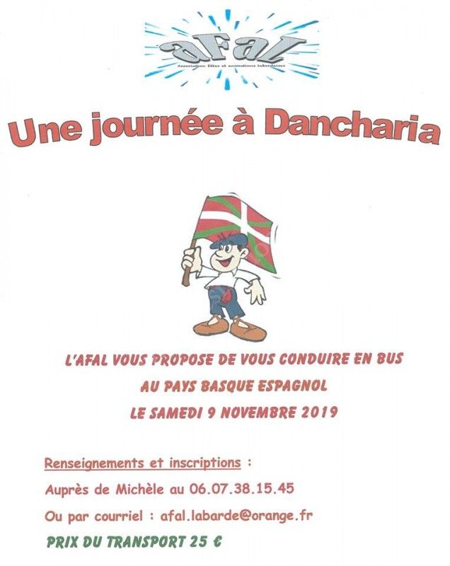 L'AFAL Vous propose de vous conduire en bus une journée au Pays Basque Espagnol le Samedi 9 novembre 2019.
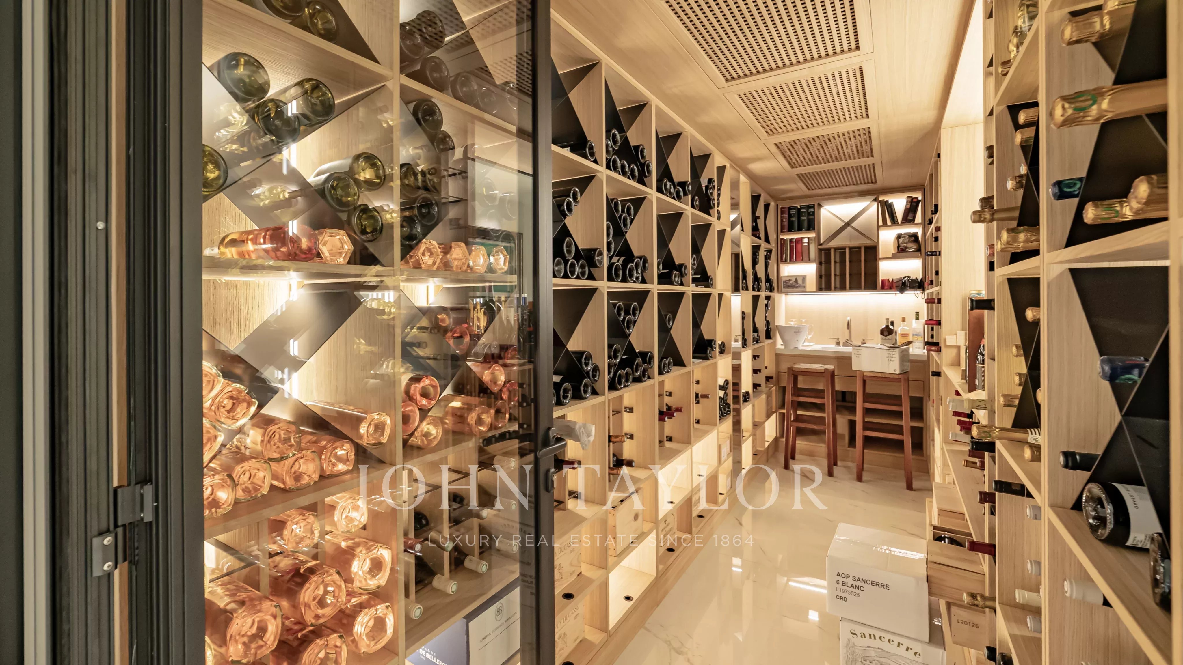 Le niveau inférieur accueille une chambre avec salle de douches et toilettes, une cave à vins, ainsi qu’un appartement pour le personnel comprenant une cuisine, une chambre et une salle de douches avec toilettes.
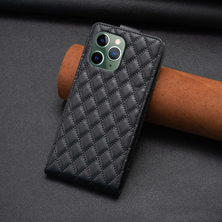 Funda de Cuero con Tapa Vertical para iPhone 11 Pro Diamond Lattice (Negro)
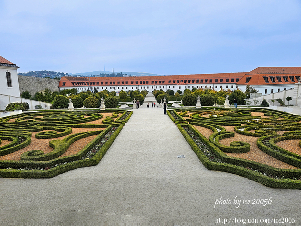 #7.巴洛克城堡花園(Veľká hradná baroková záhrada)一隅......這座花園始建於18世紀瑪麗亞·特蕾莎統治時期(1740-1780年),當時布拉迪斯拉發城堡被改建成一座奢華的巴洛克式住宅。花園的設計靈感源自凡爾賽宮,採用法式花園風格,旨在彰顯哈布斯堡王朝的尊貴地位。1811年,城堡被大火摧毀,之後花園便荒廢,部分損毀。19世紀,花園曾被零星使用,在共產主義時期則被廢棄。1990年代展開修復工程,但主要工程於2012年至2016年間進行,形成今日見的樣貌。

Prompt: Please write out exactly the lines from the one holding "Funda de Cuero" through the last line of the material above, both included, as a copy without pictures.

Task result:
 Funda de Cuero con Tapa Vertical para iPhone 11 Pro Diamond Lattice (Negro)
 #7.巴洛克城堡花園(Veľká hradná baroková záhrada)一隅......這座花園始建於18世紀瑪麗亞·特蕾莎統治時期(1740-1780年),當時布拉迪斯拉發城堡被改建成一座奢華的巴洛克式住宅。花園的設計靈感源自凡爾賽宮,採用法式花園風格,旨在彰顯哈布斯堡王朝的尊貴地位。1811年,城堡被大火摧毀,之後花園便荒廢,部分損毀。19世紀,花園曾被零星使用,在共產主義時期則被廢棄。1990年代展開修復工程,但主要工程於2012年至2016年間進行,形成今日見的樣貌。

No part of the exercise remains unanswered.